- **Problem requirements**:
When you reach the line with "The N572F072/P072 is" in the records below, begin transcribing exactly and continue up to and including the line with "На сторонах прямоугольного", leaving out every picture.

- **Records for the exercise**:
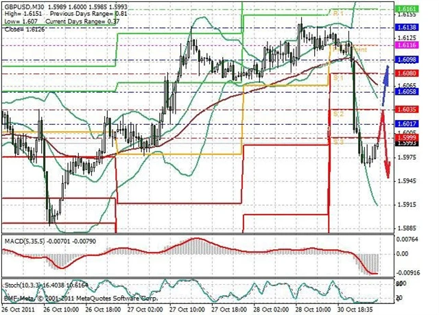 Předpokládaný pohyb pro dnešní den SHORT. Případné vstupy do obchodu z hladiny 1.6035 s předpokládaným cílem 1.595, případně až 1.59. Proražení hladiny 1.6035 může vést k pohybu s pravděpodobným cílem 1.609 až 1.615.
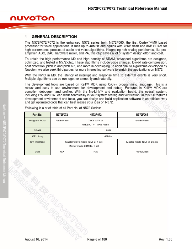 The N572F072/P072 is the enhanced N572 series from N572F065, the first Cortex™-M0 based processor for voice applications. It runs up to 48MHz and equips with 72KB flash and 8KB SRAM for high performance process of audio and voice algorithms. Integrating rich analog peripherals, like preamplifier, ADC, DAC, hardware mixer, and PA, this chip saves a lot of system design effort and cost.
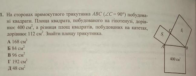 На сторонах прямоугольного треугольника АВС (<C=90°) построены квадраты. Площадь квадрата, построенного на гипотенузе, равна 400 см², а разница площадей квадратов, построенных на катетах, равна 112 см² .Найти площадь треугольника.
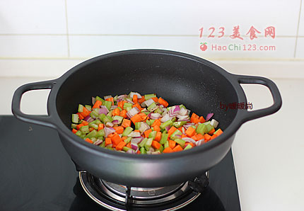 6、利用煎牛尾的余油将胡萝卜、洋葱和西芹丁炒软,关火。
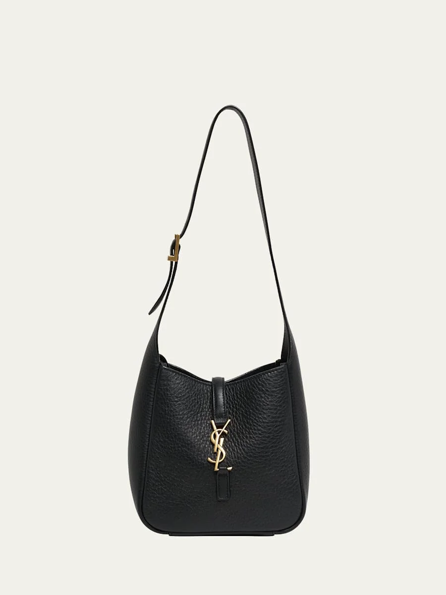 Saint Laurent "Le 5 A 7" hobo bag in grained deer leather Adjustable shoulder strap Center YSL strap closure Golden hardware Approx. 6.7"H x 14.2"W x 2.4"D Professional cleaning recommended Made in Italy Proposition 65 warning for California residents Online Inquiries: BGS21_V6AL6| Store Inquiries: #4856926
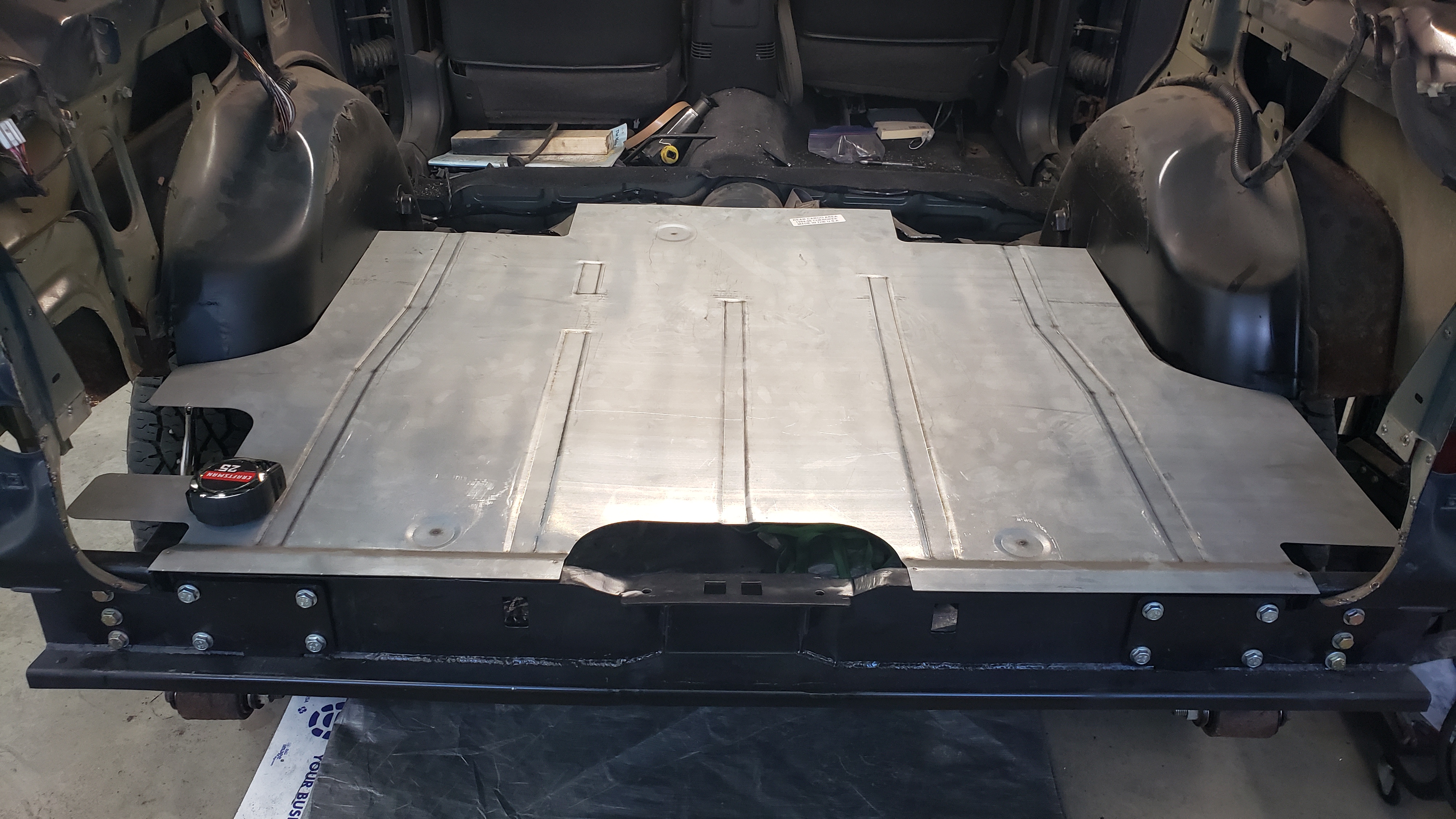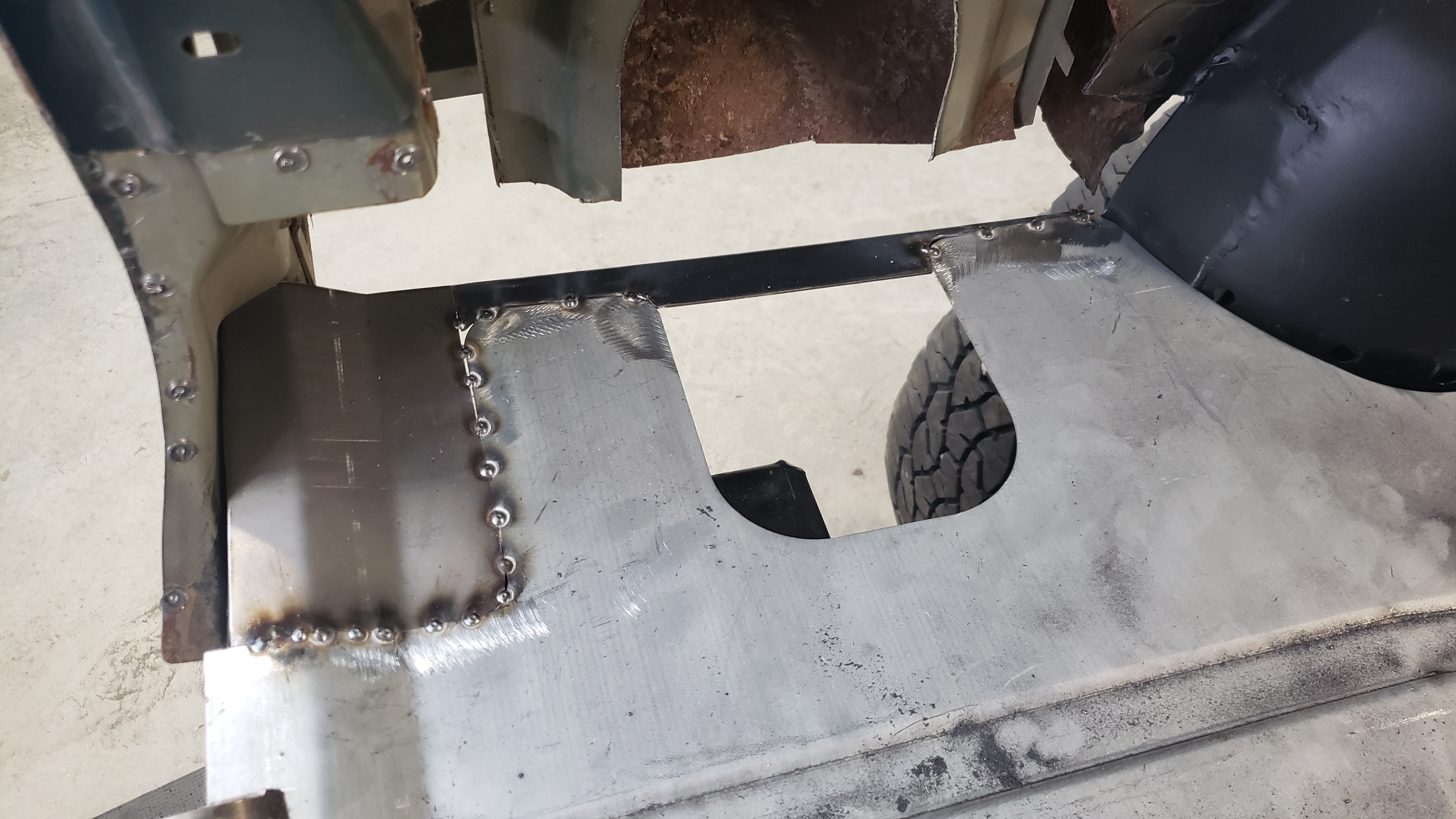 I didn’t want to try to salvage the original cargo area floor from my Jeep. It had rusted through in several spots, and I kinda chopped it up into several pieces because I only removed bits of it as a time when I was fabricating the new frame rails.
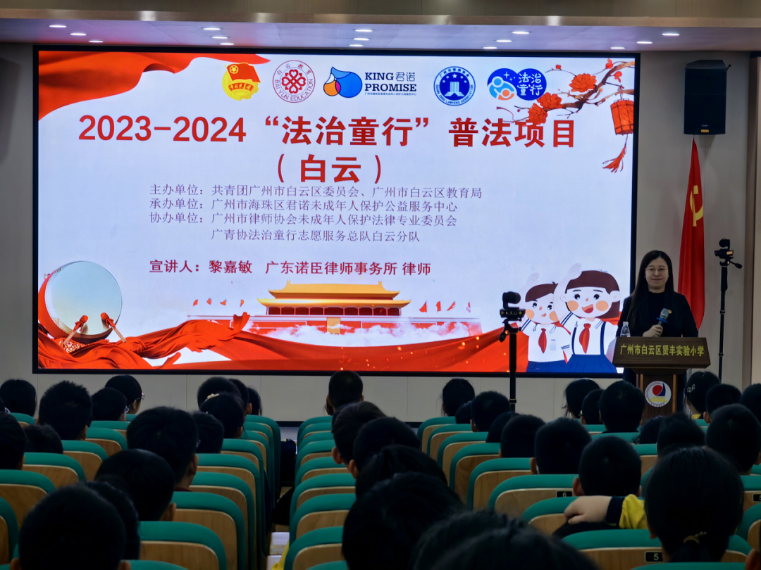 2024年3月21日,黎嘉敏律师收到广州市白云区贤丰实验学校的邀请,为该校四到六年级680名学生开展“学习网络安全知识,谨防网络危害”专题普法讲座。

- **Your response**:
 The N572F072/P072 is the enhanced N572 series from N572F065, the first Cortex™-M0 based processor for voice applications. It runs up to 48MHz and equips with 72KB flash and 8KB SRAM for high performance process of audio and voice algorithms. Integrating rich analog peripherals, like preamplifier, ADC, DAC, hardware mixer, and PA, this chip saves a lot of system design effort and cost.
 На сторонах прямоугольного треугольника АВС (<C=90°) построены квадраты. Площадь квадрата, построенного на гипотенузе, равна 400 см², а разница площадей квадратов, построенных на катетах, равна 112 см² .Найти площадь треугольника.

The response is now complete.